In this blog post, we’re announcing the upcoming release of a new, opt-in runtime type checking system for Beam’s Python SDK that’s optimized for performance in both development and production environments.

But let’s take a step back - why do we even care about runtime type checking in the first place? Let’s look at an example.

class MultiplyNumberByTwo(beam.DoFn):
    def process(self, element: int):
        return element * 2

p = Pipeline()
p | beam.Create(['1', '2'] | beam.ParDo(MultiplyNumberByTwo())

In this code, we passed a list of strings to a DoFn that’s clearly intended for use with integers. Luckily, this code will throw an error during pipeline construction because the inferred output type of beam.Create(['1', '2']) is str which is incompatible with the declared input type of MultiplyNumberByTwo.process which is int.
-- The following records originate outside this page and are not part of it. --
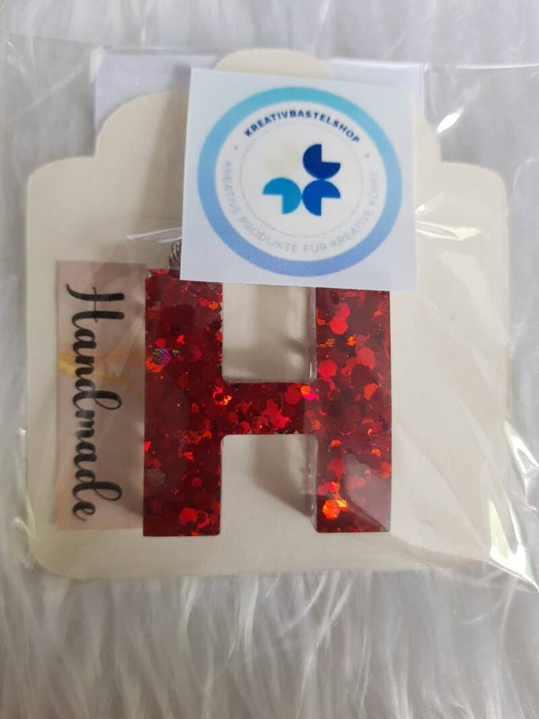 Handgegossene Schlüsselanhänger Buchstabe aus Epoxidharz mit Glitzer und klarem Harz.
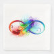 Artistically drawn infinity symbol with beautiful rainbow feather on white background. Tattoo style.
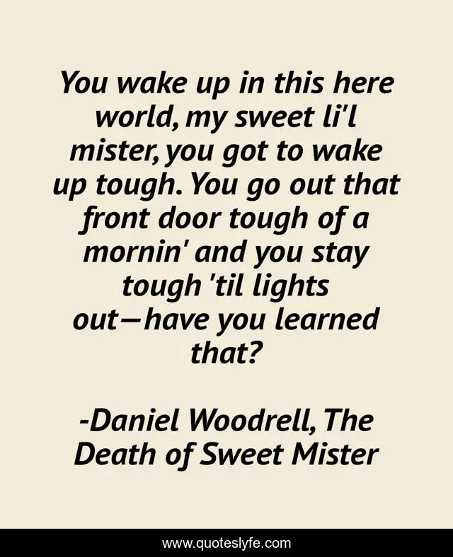 This page presents the quote "You wake up in this here world, my sweet li'l mister, you got to wake up tough. You go out that front door tough of a mornin' and you stay tough 'til lights out—have you learned that?". Author of this quote is Daniel Woodrell, The Death of Sweet Mister. This quote is about strength, toughness,.
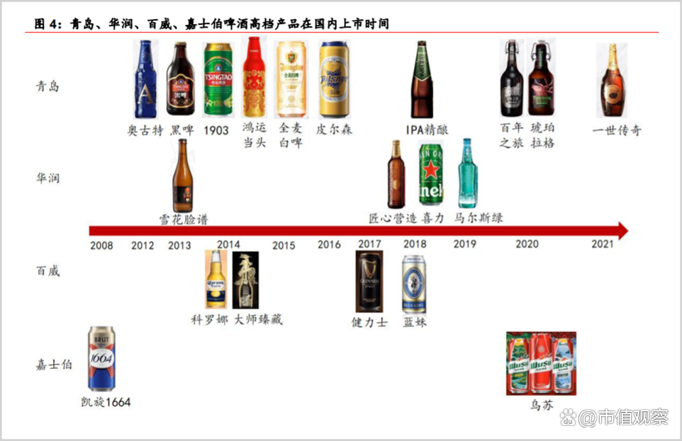 实际上,青岛啤酒先知先觉,早于2012年便感知潮水的方向,陆续推出了奥古特、鸿运当头、1903、全麦白啤、琥珀拉格等中高档产品,后又在2022年以一世传奇加码超高端市场。
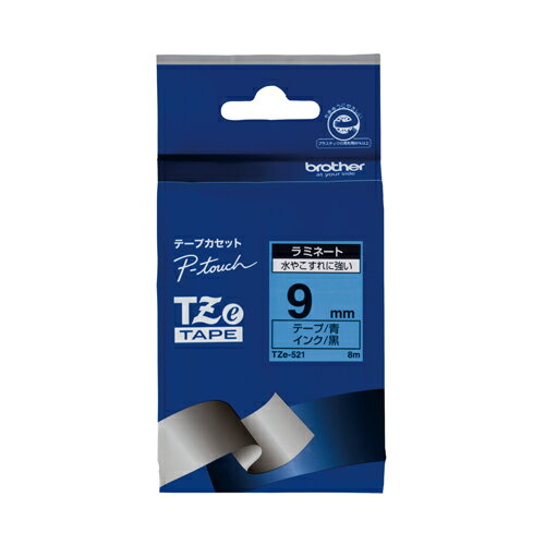ブラザー ピータッチテープ 9mm青/黒 TZE-521
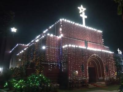 बिहार: क्रिसमस के अवसर पर पटना के कुर्जी चर्च को जगमगाती रोशनी से सजाया गया।

However, what if we turned pipeline type checking off using the no_pipeline_type_check flag? Or more realistically, what if the input PCollection to MultiplyNumberByTwo arrived from a database, meaning that the output data type can only be known at runtime?
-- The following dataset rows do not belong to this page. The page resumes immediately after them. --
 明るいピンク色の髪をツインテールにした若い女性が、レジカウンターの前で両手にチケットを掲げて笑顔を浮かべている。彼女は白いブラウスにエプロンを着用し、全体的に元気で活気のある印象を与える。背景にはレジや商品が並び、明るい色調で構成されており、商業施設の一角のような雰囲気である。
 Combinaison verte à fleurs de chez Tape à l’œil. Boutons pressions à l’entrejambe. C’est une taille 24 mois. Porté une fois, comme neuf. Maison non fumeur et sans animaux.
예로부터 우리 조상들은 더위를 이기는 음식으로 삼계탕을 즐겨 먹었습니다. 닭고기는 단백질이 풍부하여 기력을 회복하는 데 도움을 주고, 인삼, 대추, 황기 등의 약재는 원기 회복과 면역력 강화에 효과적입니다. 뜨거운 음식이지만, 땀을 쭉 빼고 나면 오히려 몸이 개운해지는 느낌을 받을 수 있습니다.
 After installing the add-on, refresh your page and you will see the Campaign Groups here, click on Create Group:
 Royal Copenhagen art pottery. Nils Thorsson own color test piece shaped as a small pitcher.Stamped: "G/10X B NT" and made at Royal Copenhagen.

In either case, no error would be thrown during pipeline construction. And even at runtime, this code works. Each string would be multiplied by 2, yielding a result of ['11', '22'], but that’s certainly not the outcome we want.
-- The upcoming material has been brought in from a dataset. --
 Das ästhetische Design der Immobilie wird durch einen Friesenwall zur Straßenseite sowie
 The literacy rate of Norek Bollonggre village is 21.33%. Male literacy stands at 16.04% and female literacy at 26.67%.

So how do you debug this breed of “hidden” errors? More broadly speaking, how do you debug any typing or serialization error in Beam?

The answer is to use runtime type checking.

Runtime Type Checking (RTC)

This feature works by checking that actual input and output values satisfy the declared type constraints during pipeline execution. If you ran the code from before with runtime_type_check on, you would receive the following error message:

Type hint violation for 'ParDo(MultiplyByTwo)': requires <class 'int'> but got <class 'str'> for element

This is an actionable error message - it tells you that either your code has a bug or that your declared type hints are incorrect. Sounds simple enough, so what’s the catch?

It is soooo slowwwwww. See for yourself.

Element SizeNormal PipelineRuntime Type Checking Pipeline
15.3 sec5.6 sec
2,0019.4 sec57.2 sec
10,00124.5 sec259.8 sec
18,00138.7 sec450.5 sec

In this micro-benchmark, the pipeline with runtime type checking was over 10x slower, with the gap only increasing as our input PCollection increased in size.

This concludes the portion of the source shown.